In the United States, only oral metronidazole is used to treat trichomoniasis. Randomized trials have shown that the probability of cure with recommended metronidazole regimens is approximately 90% -95%, treatment of sexual partners can increase this level of cure. Treatment of patients and sexual partners leads to the disappearance of symptoms, microbiological cure and a reduction in the likelihood of transmission of infection. Metronidazole gel has been approved for the treatment of bacterial vaginosis, but like other local antibacterial drugs whose concentration does not reach the therapeutic level in the urethra or in the bartholin glands, it is significantly less effective in treating trichomoniasis than oral metronidazole preparations and therefore not recommended for use . Some other local antibacterial drugs are used to treat trichomoniasis, but probably their efficacy is not higher than that of metronidazole gel.
Follow-up
Follow-up is not necessary for men and women who have had symptoms after treatment, or who initially did not have symptoms.
Infections caused by strains of T. Vaginalis with reduced sensitivity to metronidazole may occur. However, most of these microorganisms were eliminated after using higher doses of the drug. If the treatment regimen is broken, the patient should be treated repeatedly according to the scheme: metronidazole 500 mg 2 times a day for 7 days. If the treatment is again ineffective, it is necessary to appoint the patient metronidazole 2 g once a day for 3-5 days.
Patients in whom the infection is confirmed by culture isolation, and treatment performed according to the regimens recommended in this manual proved ineffective, and who have been excluded from reinfection, should be consulted by the expert; consultations are available from the CDC. When evaluating such cases, it is necessary to determine the sensitivity of T. Vaginalis to metronidazole.
NB! The FDA approved the use of Flagyl 375 ™ - twice daily for 7 days - for the treatment of trichomoniasis, based on pharmacokinetic similarities with metronidazole 250 mg three times daily for 7 days. However, there is no clinical evidence to support the clinical similarity between the two regimens.

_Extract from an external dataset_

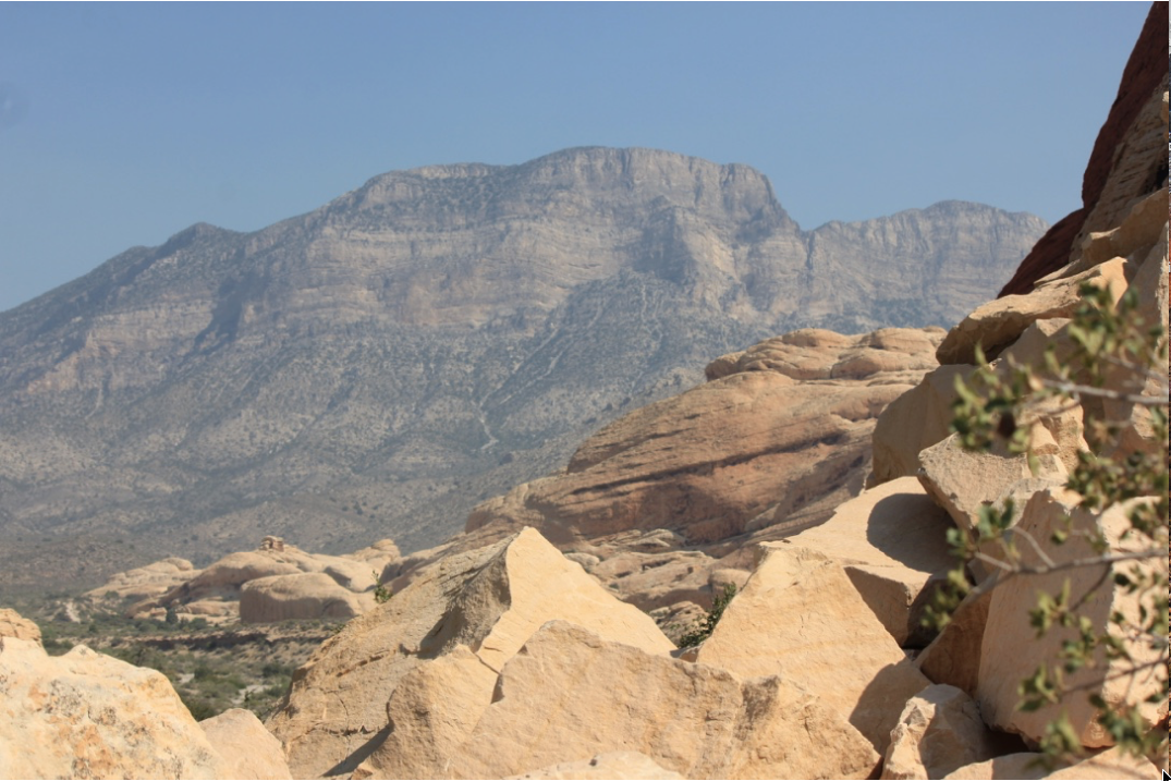 What I found amazing about Red Rock Canyon is the complex geological history. Being a mining and geotechnical engineer, I found studying geology quite fascinating. The rock in the Red Rock Canyon is Aztec Sandstone, which is fossilized core of sand formed during the early Jurassic Period. This sand slowly changed to sandstone and the subsurface water deposited iron oxide and calcium carbonate in the sandstone. The oxidation of the iron minerals in the sediments is seen in the red colors of some of the rocks. There are also formation of petrified wood in the area.

Management of sexual partners
Sexual partners should be treated. Patients should be warned about the need to avoid sexual intercourse before recovery. If there is no microbiological confirmation of the cure, this means - until the treatment is completed and the patient and his partners have no symptoms of the disease.
Special Remarks
Allergy, intolerance and side effects
There are no effective alternative to metronidazole treatment regimens. Patients with an allergy to metronidazole may be given a desensitization.
Pregnancy
Patients can be treated with metronidazole at a dose of 2 g per single dose.
HIV infection
Persons with HIV infection and trichomoniasis should receive the same treatment as patients without HIV infection.